**ASSIGNMENT**. For the records below, copy exactly the span that begins at the line containing "Nilmar (D) comemora" and stops after the line containing "テイクアウトメニューには、西", minus any pictures.

** RECORD SET follows **

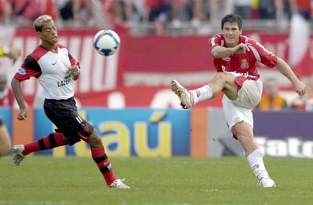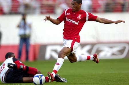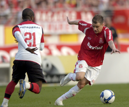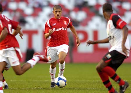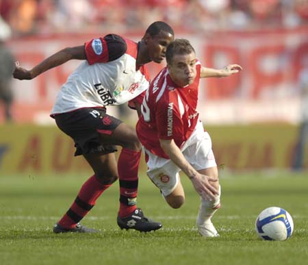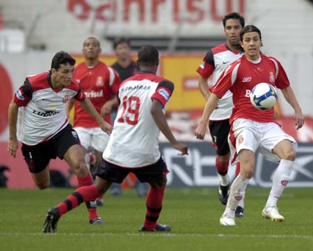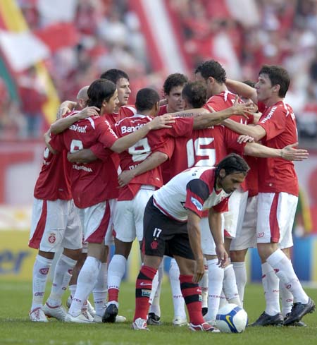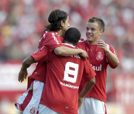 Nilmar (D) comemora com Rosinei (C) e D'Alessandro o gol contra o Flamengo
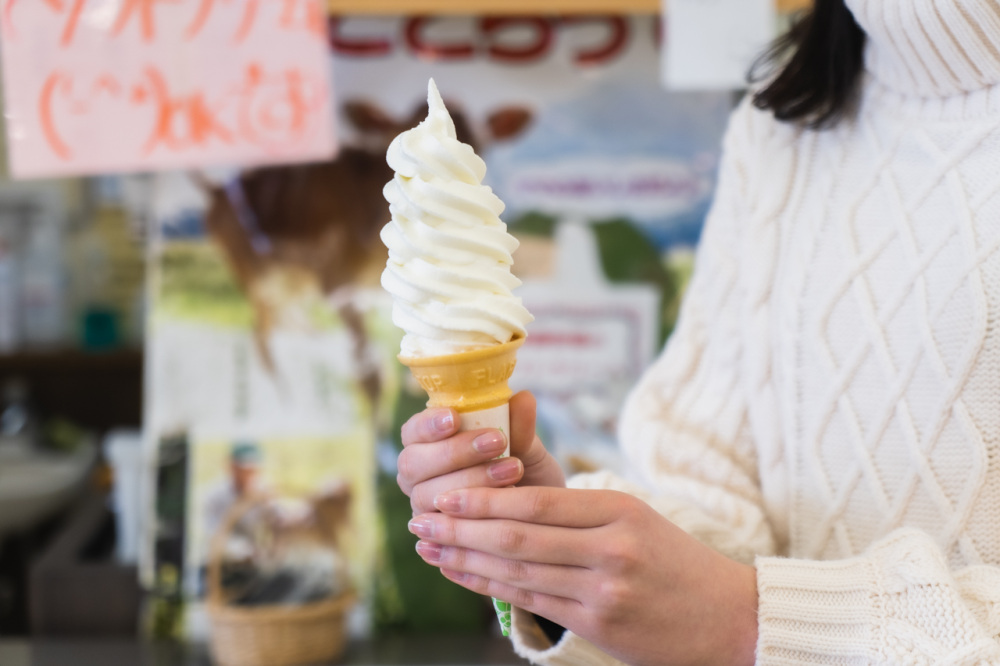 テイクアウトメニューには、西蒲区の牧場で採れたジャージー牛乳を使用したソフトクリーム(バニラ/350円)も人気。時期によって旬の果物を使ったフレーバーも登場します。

** End of RECORD SET **
** RECORD SET follows **

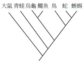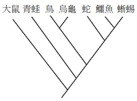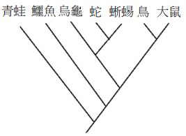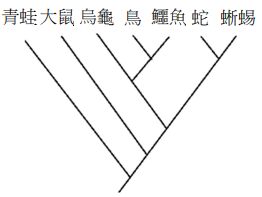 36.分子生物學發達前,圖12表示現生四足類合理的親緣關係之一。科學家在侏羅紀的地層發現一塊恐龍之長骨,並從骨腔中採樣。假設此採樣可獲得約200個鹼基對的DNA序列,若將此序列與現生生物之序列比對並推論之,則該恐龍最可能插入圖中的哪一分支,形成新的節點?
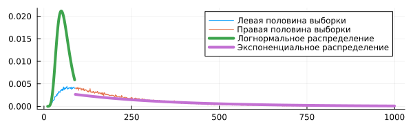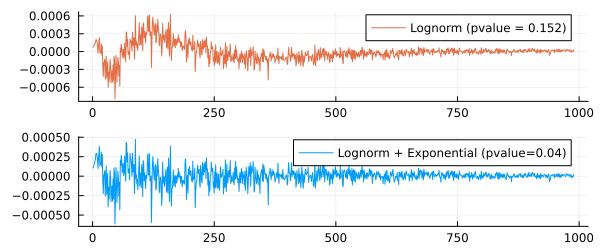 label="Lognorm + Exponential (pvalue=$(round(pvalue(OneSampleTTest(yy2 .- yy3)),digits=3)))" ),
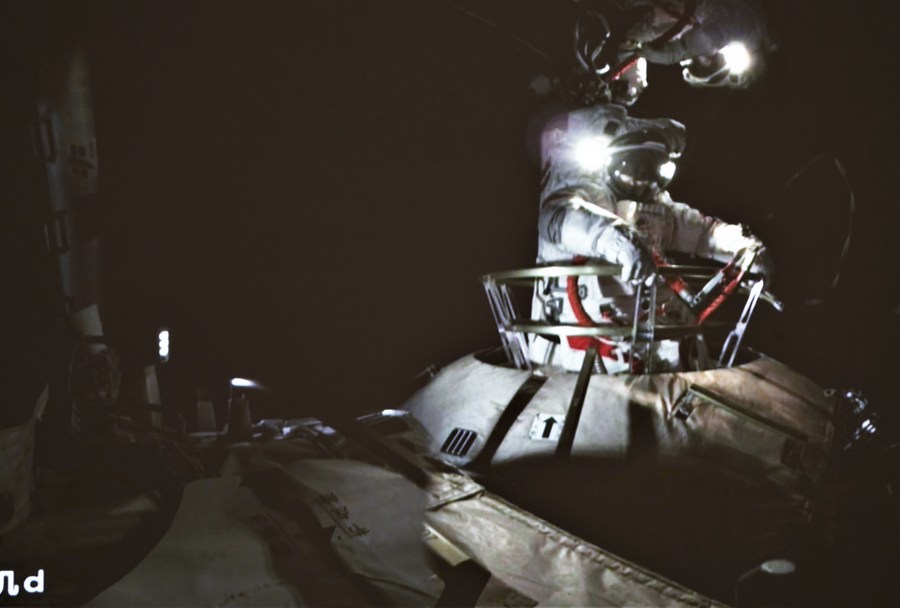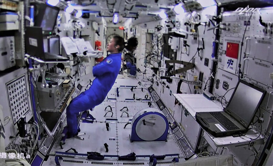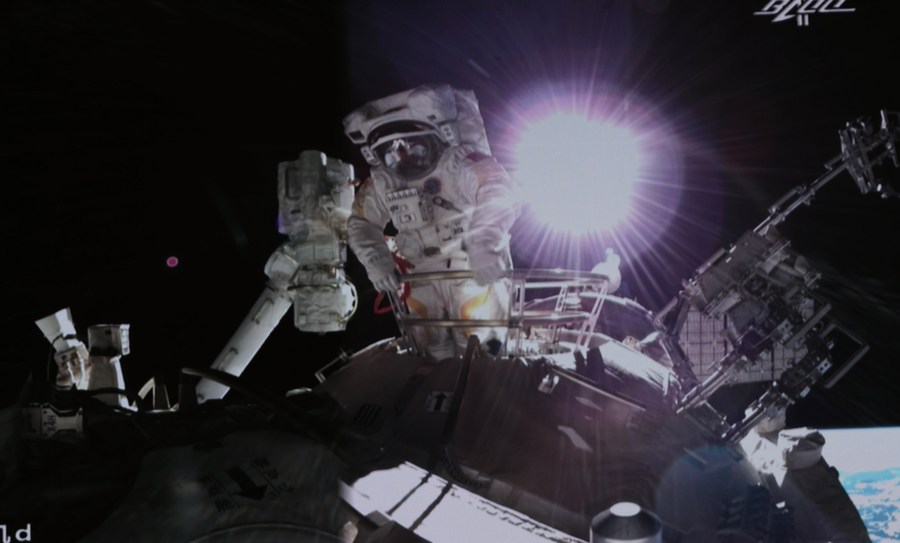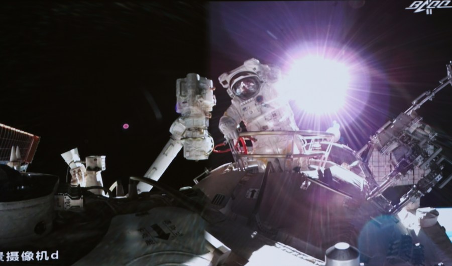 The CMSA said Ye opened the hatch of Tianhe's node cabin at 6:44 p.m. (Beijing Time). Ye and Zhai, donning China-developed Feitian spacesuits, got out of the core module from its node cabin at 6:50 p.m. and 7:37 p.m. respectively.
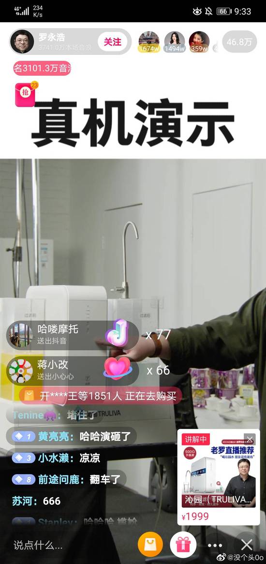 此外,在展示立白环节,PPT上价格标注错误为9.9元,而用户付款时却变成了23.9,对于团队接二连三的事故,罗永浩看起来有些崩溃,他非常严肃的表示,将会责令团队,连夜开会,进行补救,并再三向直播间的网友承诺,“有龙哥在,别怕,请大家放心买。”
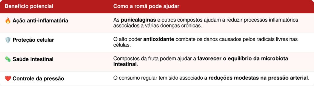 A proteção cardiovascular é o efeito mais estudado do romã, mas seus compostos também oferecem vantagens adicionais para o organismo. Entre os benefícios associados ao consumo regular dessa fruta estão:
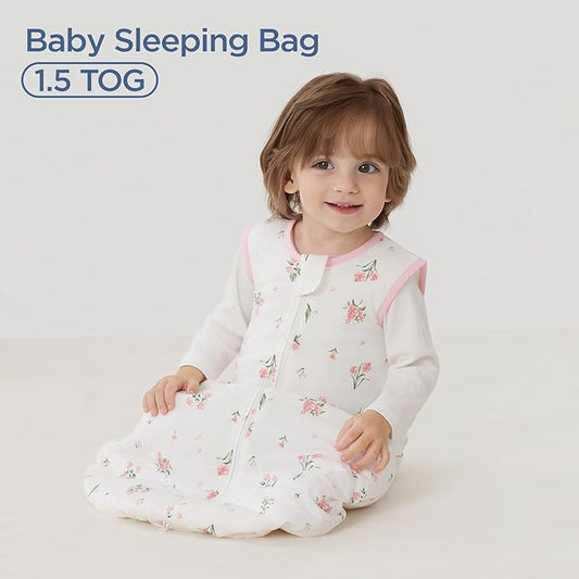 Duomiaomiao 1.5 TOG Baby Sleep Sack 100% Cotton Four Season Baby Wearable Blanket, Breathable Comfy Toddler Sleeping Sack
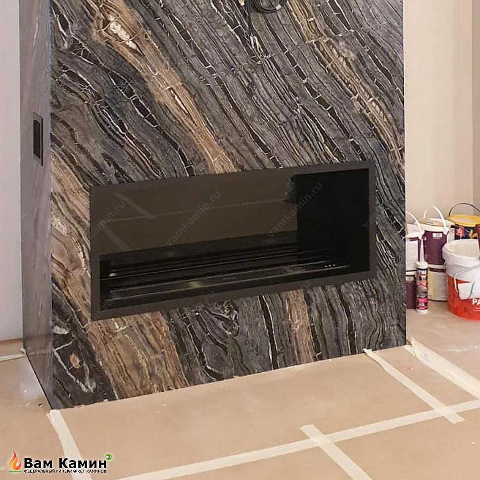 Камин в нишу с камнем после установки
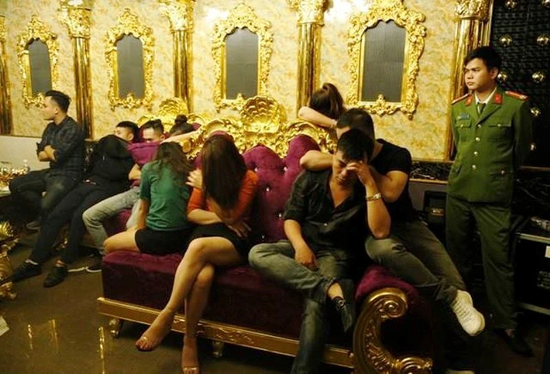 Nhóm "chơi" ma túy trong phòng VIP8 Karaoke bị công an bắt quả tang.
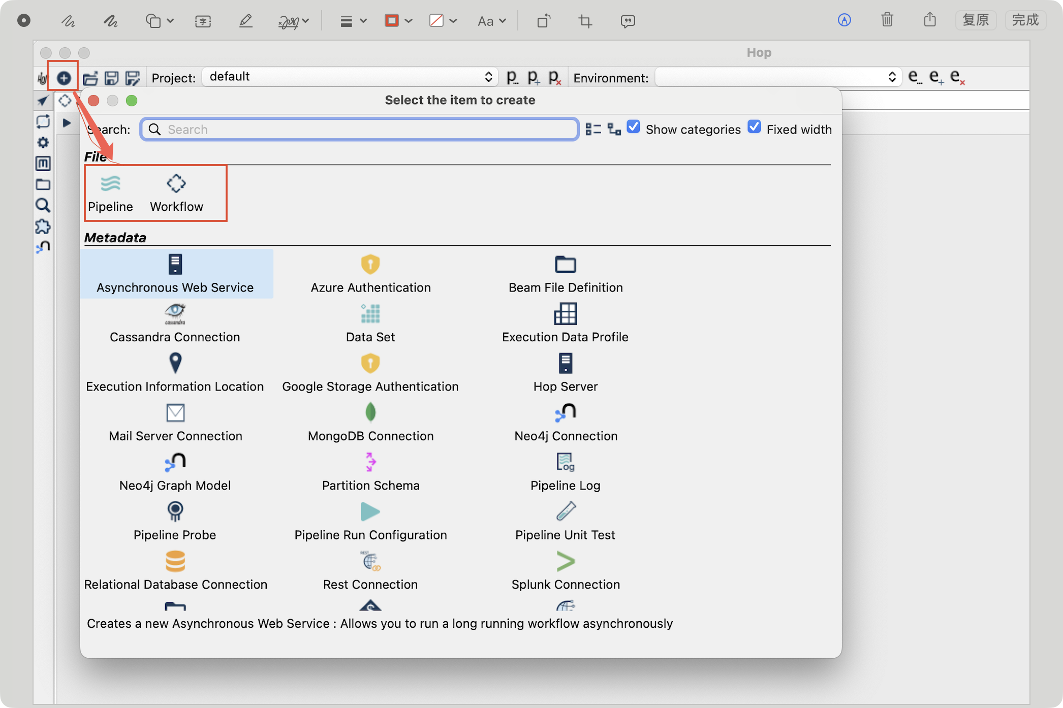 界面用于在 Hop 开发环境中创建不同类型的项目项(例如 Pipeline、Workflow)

** End of RECORD SET **

**RESPONSE FOR THIS EXERCISE**.
 Nilmar (D) comemora com Rosinei (C) e D'Alessandro o gol contra o Flamengo
 テイクアウトメニューには、西蒲区の牧場で採れたジャージー牛乳を使用したソフトクリーム(バニラ/350円)も人気。時期によって旬の果物を使ったフレーバーも登場します。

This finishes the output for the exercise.